Stored data entries:

▬▬▬

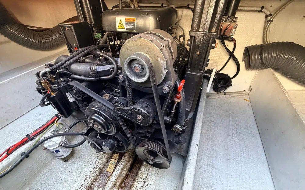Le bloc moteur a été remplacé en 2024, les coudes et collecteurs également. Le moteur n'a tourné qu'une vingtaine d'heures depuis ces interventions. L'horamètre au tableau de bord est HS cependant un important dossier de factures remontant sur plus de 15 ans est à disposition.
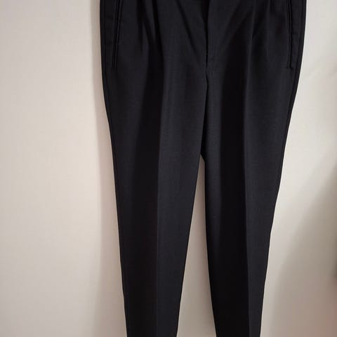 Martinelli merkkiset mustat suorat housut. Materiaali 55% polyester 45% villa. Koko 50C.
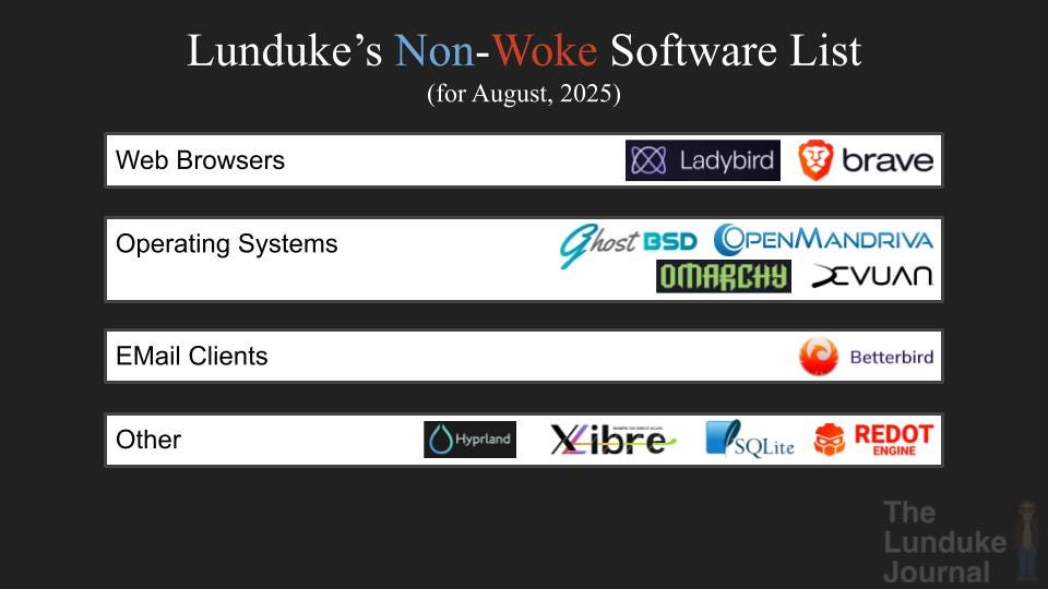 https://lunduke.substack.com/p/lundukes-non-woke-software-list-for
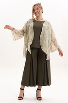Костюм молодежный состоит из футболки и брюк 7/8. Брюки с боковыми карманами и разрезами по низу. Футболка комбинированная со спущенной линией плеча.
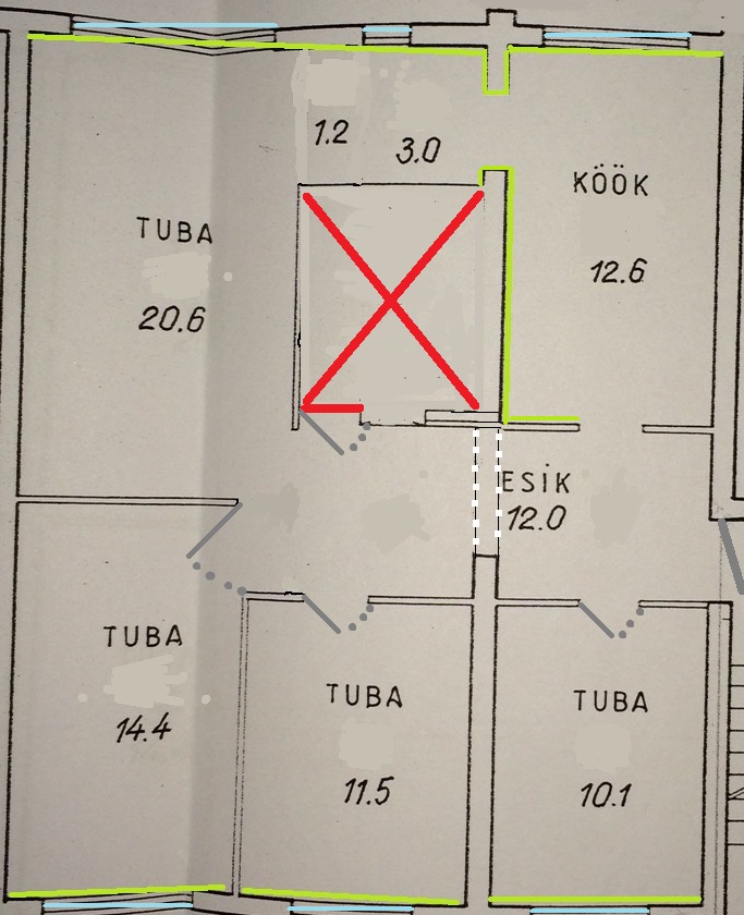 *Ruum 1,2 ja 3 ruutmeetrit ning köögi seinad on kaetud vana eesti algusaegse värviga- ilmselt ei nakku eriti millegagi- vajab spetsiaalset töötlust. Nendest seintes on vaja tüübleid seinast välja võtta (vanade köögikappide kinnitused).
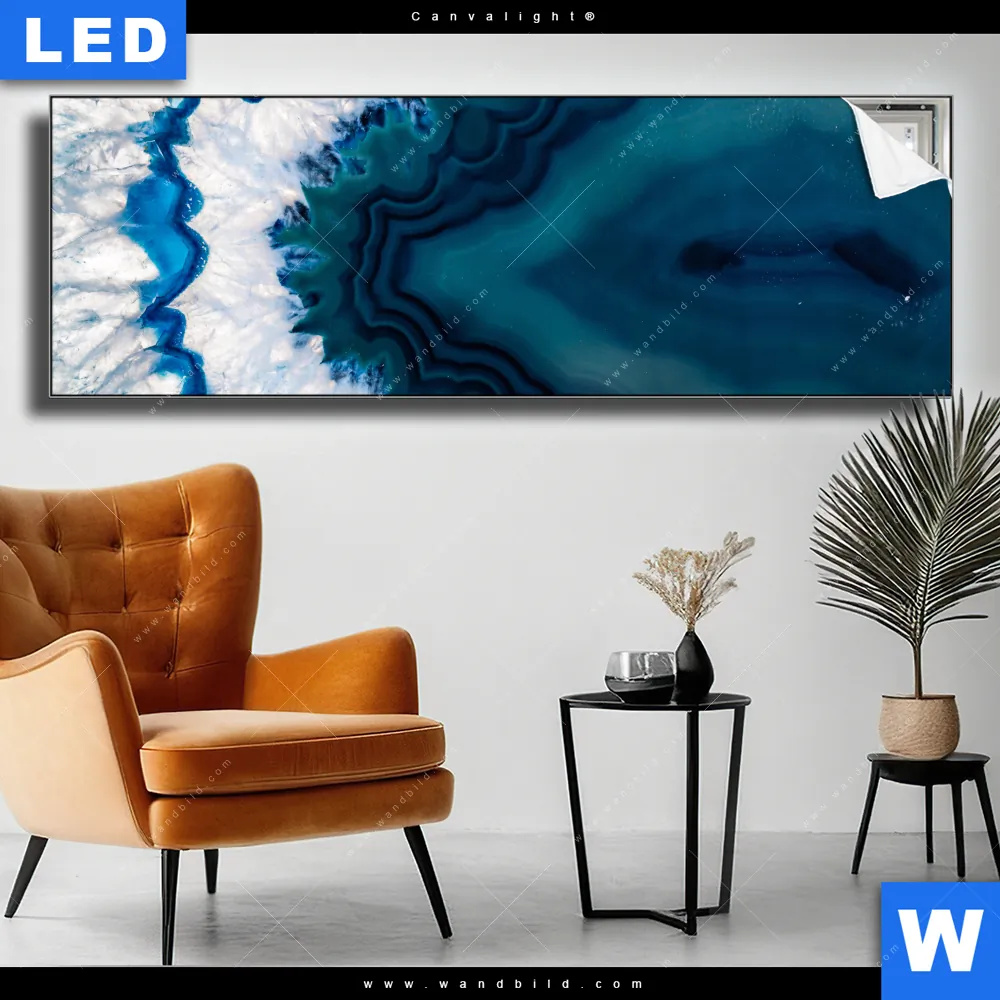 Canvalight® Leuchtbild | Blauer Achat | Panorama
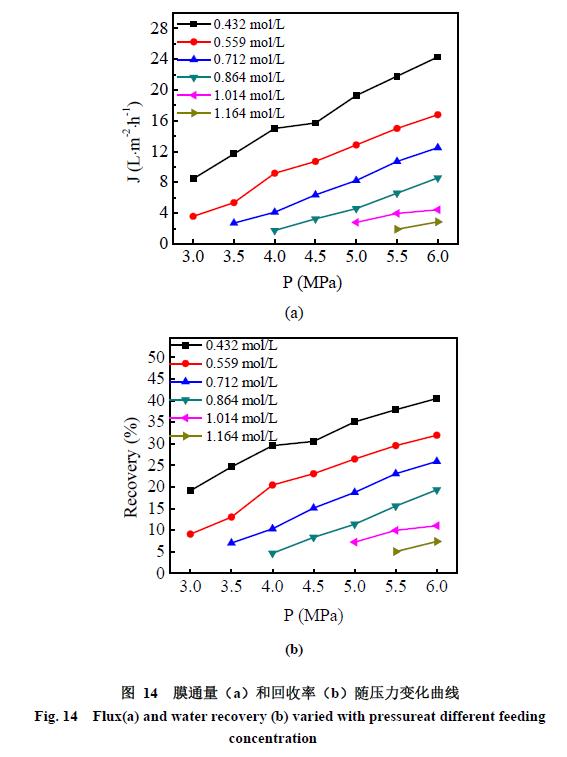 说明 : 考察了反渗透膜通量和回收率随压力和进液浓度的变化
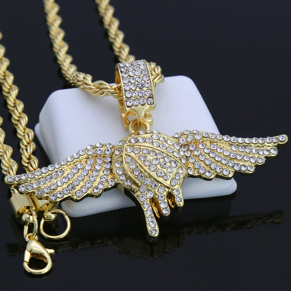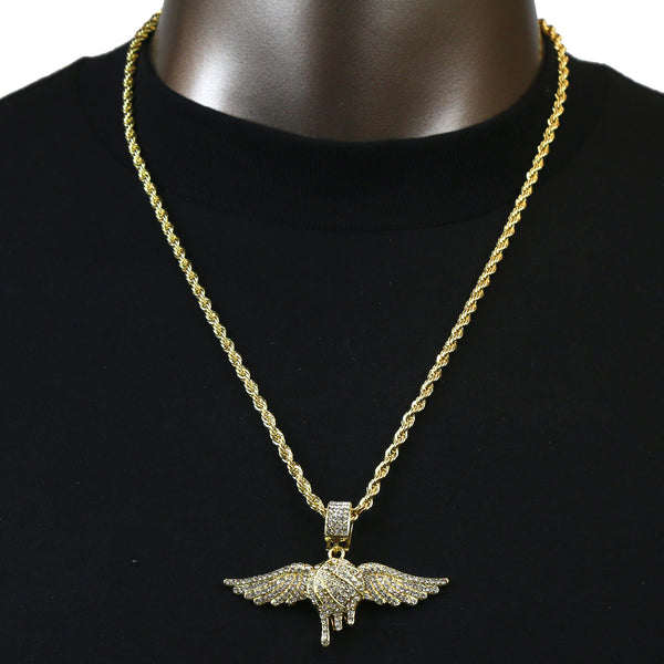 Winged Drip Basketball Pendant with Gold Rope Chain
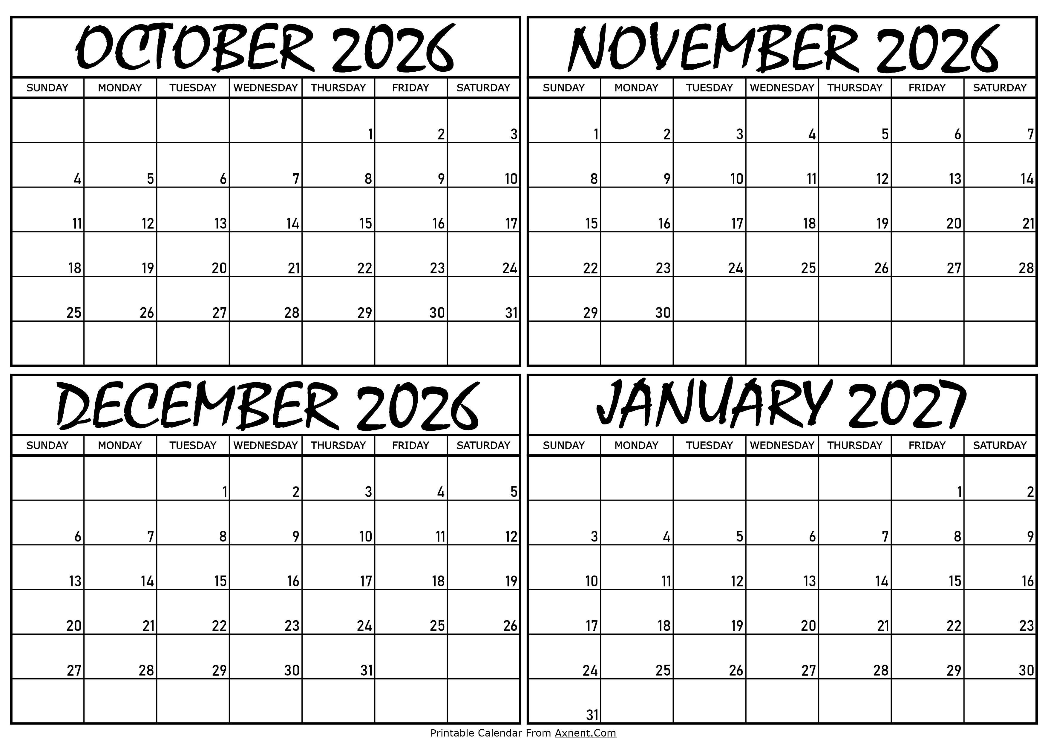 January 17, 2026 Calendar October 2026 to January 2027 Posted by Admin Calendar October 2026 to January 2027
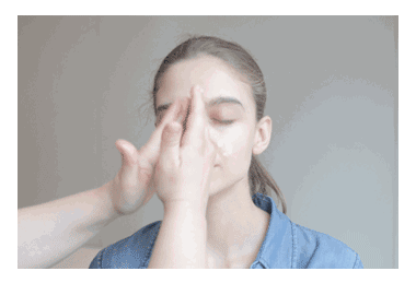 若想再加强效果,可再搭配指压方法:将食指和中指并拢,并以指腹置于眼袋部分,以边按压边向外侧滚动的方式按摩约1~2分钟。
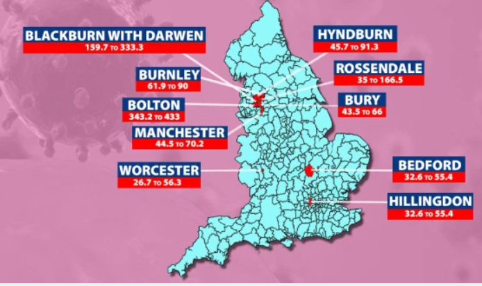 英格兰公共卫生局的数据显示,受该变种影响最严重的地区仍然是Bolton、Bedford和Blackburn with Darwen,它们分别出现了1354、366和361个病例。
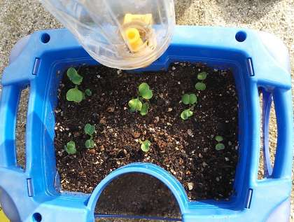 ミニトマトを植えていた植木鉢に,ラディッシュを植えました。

▬▬▬

Task item:
Please write out all the entries above exactly, but leave out the pictures.

Written response:
Le bloc moteur a été remplacé en 2024, les coudes et collecteurs également. Le moteur n'a tourné qu'une vingtaine d'heures depuis ces interventions. L'horamètre au tableau de bord est HS cependant un important dossier de factures remontant sur plus de 15 ans est à disposition.
 Martinelli merkkiset mustat suorat housut. Materiaali 55% polyester 45% villa. Koko 50C.
 https://lunduke.substack.com/p/lundukes-non-woke-software-list-for
Костюм молодежный состоит из футболки и брюк 7/8. Брюки с боковыми карманами и разрезами по низу. Футболка комбинированная со спущенной линией плеча.
 *Ruum 1,2 ja 3 ruutmeetrit ning köögi seinad on kaetud vana eesti algusaegse värviga- ilmselt ei nakku eriti millegagi- vajab spetsiaalset töötlust. Nendest seintes on vaja tüübleid seinast välja võtta (vanade köögikappide kinnitused).
 Canvalight® Leuchtbild | Blauer Achat | Panorama
 说明 : 考察了反渗透膜通量和回收率随压力和进液浓度的变化
 Winged Drip Basketball Pendant with Gold Rope Chain
 January 17, 2026 Calendar October 2026 to January 2027 Posted by Admin Calendar October 2026 to January 2027
 若想再加强效果,可再搭配指压方法:将食指和中指并拢,并以指腹置于眼袋部分,以边按压边向外侧滚动的方式按摩约1~2分钟。
 英格兰公共卫生局的数据显示,受该变种影响最严重的地区仍然是Bolton、Bedford和Blackburn with Darwen,它们分别出现了1354、366和361个病例。
 ミニトマトを植えていた植木鉢に,ラディッシュを植えました。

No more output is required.